Ich bin vor fünf Jahren, mit Mitte vierzig, aufs Land gezogen, in den Landkreis Nienburg/Weser, um näher an meinem Arbeitsplatz in Hannover zu sein. Zuvor wohnte ich in Berlin. Dort war ich – und das ist ja fast schon ein Berliner Klischee – vegan geworden. Interessanterweise übrigens zunächst nicht aus tierethischen Erwägungen sondern aus ökologischen Gründen. Ich engagierte mich Ende der Nullerjahre in einer Berliner Arbeitsgemeinschaft, die sich mit erneuerbaren Energien befasste. Biogasgewinnung war da ein großes Thema. So stieß ich auf die gravierenden Auswirkungen der Tiernutzung für Klima und Umwelt. Das war sozusagen der erste Anstoß, vegan zu werden. Die Auseinandersetzung mit Berichten zur Fleisch- und Milchproduktion und die Lektüre philosophischer Werke zur Tierethik hat die Sache dann beschleunigt. Dennoch frage ich mich rückblickend (wie vermutlich viele andere VeganerInnen), warum der Prozess so lange gedauert hat…
Du hast die Nienburger Ortsgruppe gegründet. Wie groß ist die und was treibt die so? Was für Menschen finden sich dort zusammen?
Das wechselt sehr stark. Es gibt einen „harten Kern“, der sich alle paar Wochen trifft, zurzeit im privaten Rahmen, und einen gemeinsamen Sonntagsbrunch (ab 13 Uhr) veranstaltet. Hierzu bringt jedeR etwas zu essen mit. Wir stimmen uns im Vorfeld nie ab, aber es ist bislang trotzdem immer ein abwechslungsreiches und leckeres Buffet zustandegekommen.

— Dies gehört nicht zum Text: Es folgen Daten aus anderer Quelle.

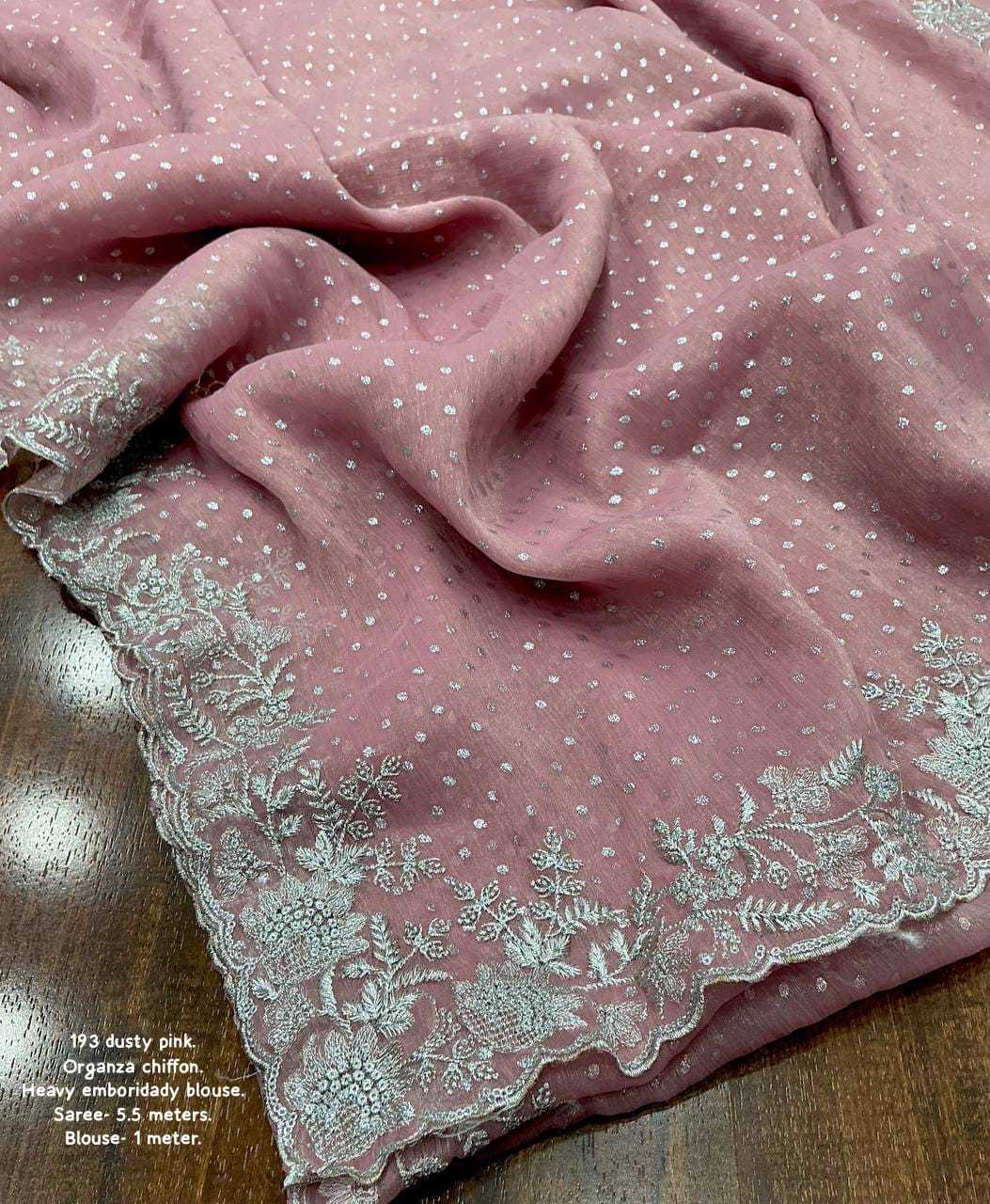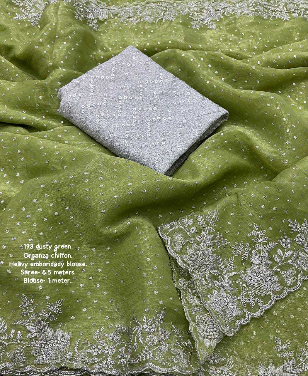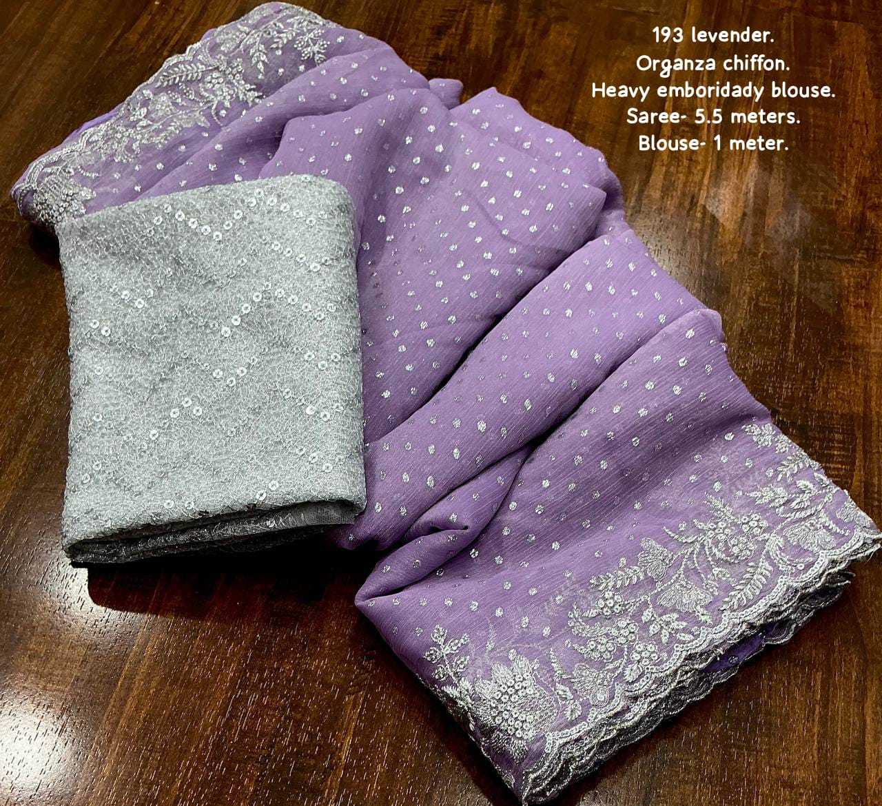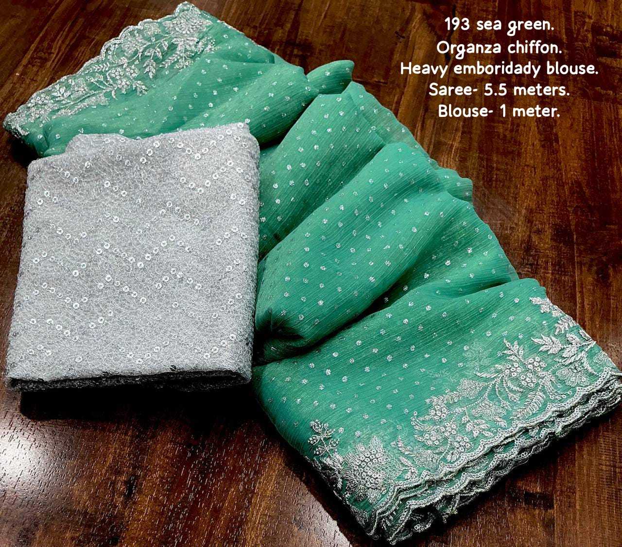 new arrivals New fancy emboridary catalog KC - 193 KC - organza chiffon. Quality- soft organza chiffon saree with silver butti additional work. Silver zari emboridady in c-pallu. Blouse- soft net with super heavy sequence emboridary. Rate - 1650+ship Top trusted quality |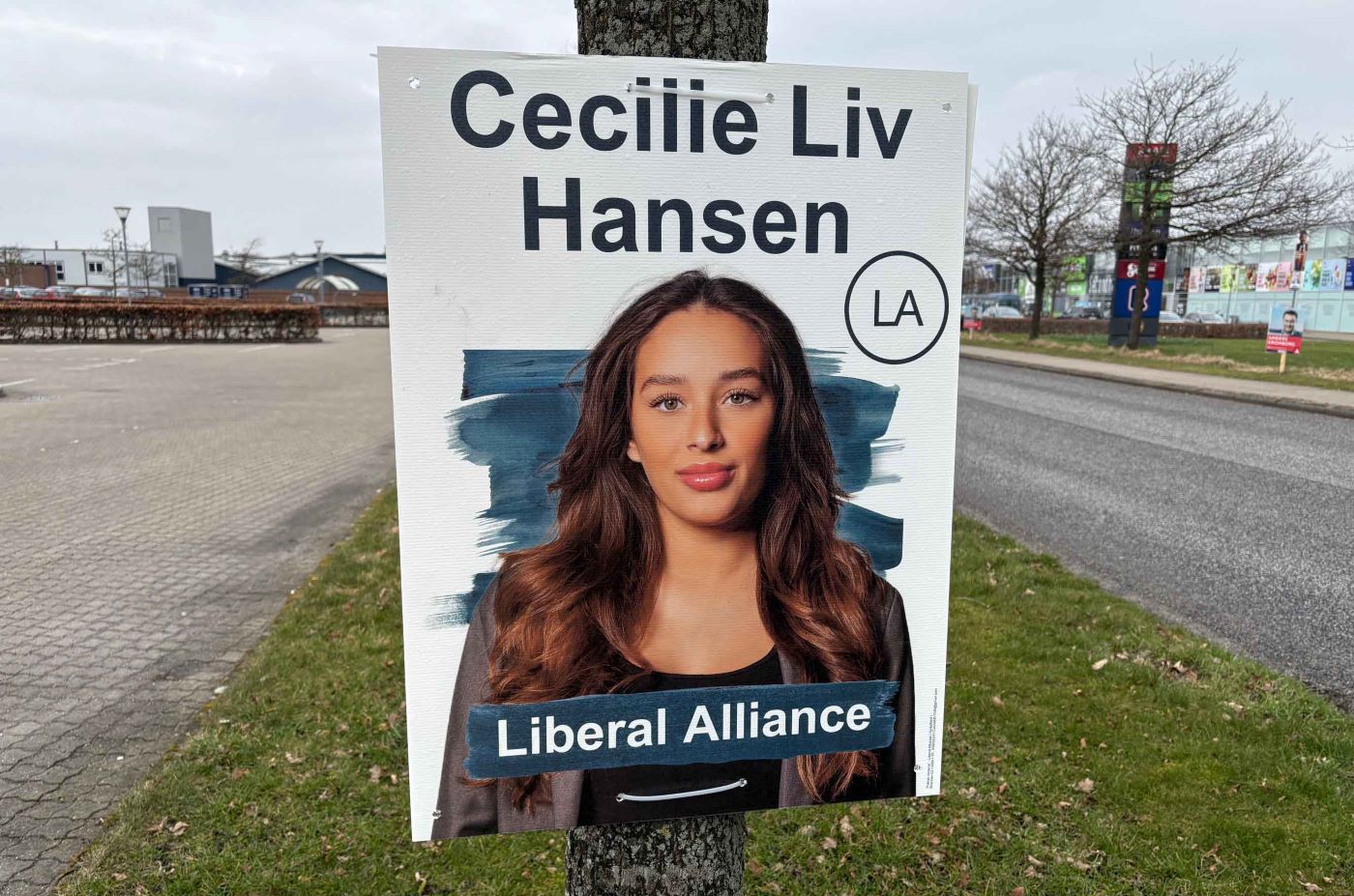 Et par smågrinende unge drenge vakte forleden opmærksomhed på Dagmarsbroen i Ribe, da de gik af sted med en valgplakat forestillende Liberal Alliance-kandidaten Cecilie Liv Hansen.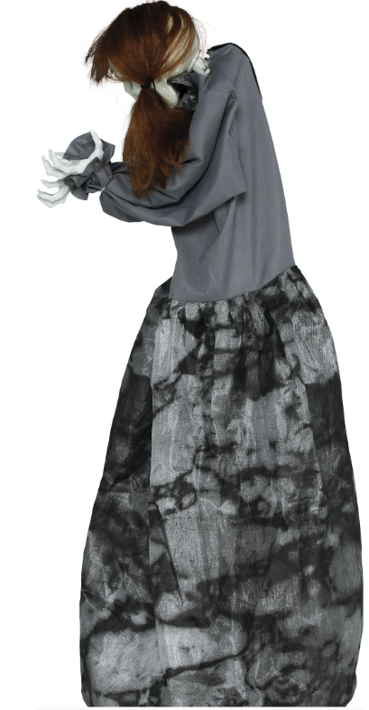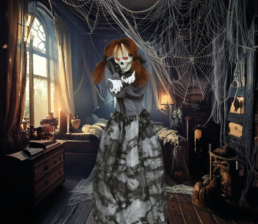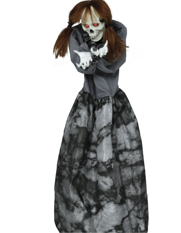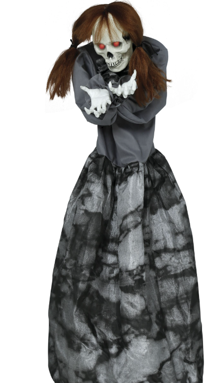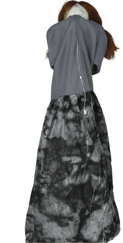 Interaktyvi dekoracija Išmaldos prašytoja tai šiurpi lėlė–skeletas, vilkinti ilgą, tamsų apsiaustą. Jos liesos, kaulėtos rankos ištęstos pirmyn, lyg maldautų pagalbos arba bandytų jus pasiekti. Ant veido – balta kaukolė su pabrėžtais dantimis, o akys švyti ryškiai raudona šviesa, sustiprinančia šiurpią atmosferą.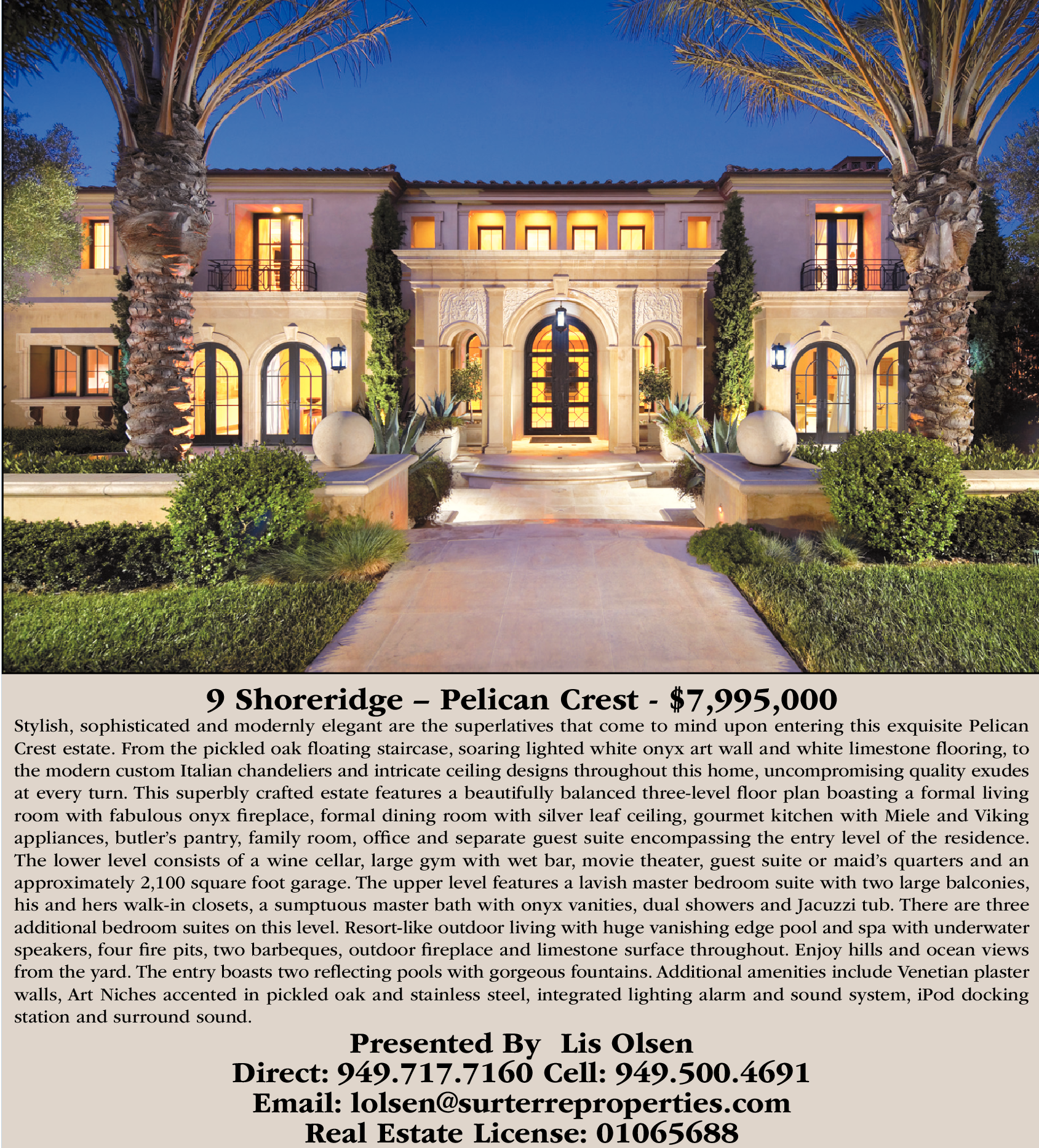 9 Shoreridge – Pelican Crest - $7,995,000 Stylish, sophisticated and modernly elegant are the superlatives that come to mind upon entering this exquisite Pelican Crest estate. From the pickled oak floating staircase, soaring lighted white onyx art wall and white limestone flooring, to the modern custom Italian chandeliers and intricate ceiling designs throughout this home, uncompromising quality exudes at every turn. This superbly crafted estate features a beautifully balanced three-level floor plan boasting a formal living room with fabulous onyx fireplace, formal dining room with silver leaf ceiling, gourmet kitchen with Miele and Viking appliances, butler’s pantry, family room, office and separate guest suite encompassing the entry level of the residence. The lower level consists of a wine cellar, large gym with wet bar, movie theater, guest suite or maid’s quarters and an approximately 2,100 square foot garage. The upper level features a lavish master bedroom suite with two large balconies, his and hers walk-in closets, a sumptuous master bath with onyx vanities, dual showers and Jacuzzi tub. There are three additional bedroom suites on this level. Resort-like outdoor living with huge vanishing edge pool and spa with underwater speakers, four fire pits, two barbeques, outdoor fireplace and limestone surface throughout. Enjoy hills and ocean views from the yard. The entry boasts two reflecting pools with gorgeous fountains. Additional amenities include Venetian plaster walls, Art Niches accented in pickled oak and stainless steel, integrated lighting alarm and sound system, iPod docking station and surround sound. Presented By Lis Olsen Direct: 949.717.7160 Cell: 949.500.4691 Email: lolsen@surterreproperties.com Real Estate License: 01065688

Jedenfalls habe ich es nie erlebt, dass wir eine Verkostung von zehn unterschiedlichen Kartoffelsalaten machen mussten (wobei das sicher auch eine interessante Erfahrung wäre!). In unseren besten Zeiten kamen mehr als dreißig Menschen zusammen, erfreulicherweise aus allen Altersgruppen. Und auch aus allen Vegankreisen. Neben klassischen VeganerInnen, die tierethische und ökologische Gründe zu diesem Lebensstil motiviert haben, waren stets auch andere dabei, für die eine gesunde Lebensweise im Vordergrund steht. Manche brachten und bringen interessierte Familienangehörige mit, Mütter, Väter, Schwestern, manche in bereits fortgeschrittenem Lebensalter. Neben dem gemeinsamen Brunch haben wir in unregelmäßigen Abständen Infotische in der Nienburger Innenstadt veranstaltet. In einer Kleinstadt inmitten des „Agrarlandes Nr. 1“ über vegane Lebensweise zu informieren, ist schon eine besondere Herausforderung. Zugleich kam es dabei immer wieder auch zu unerwarteten und schönen Begegnungen mit Interessierten.

VEBU Regionalgruppe Nienburg - Infostand

Was hat dich seinerzeit dazu bewogen, die Gruppe zu gründen?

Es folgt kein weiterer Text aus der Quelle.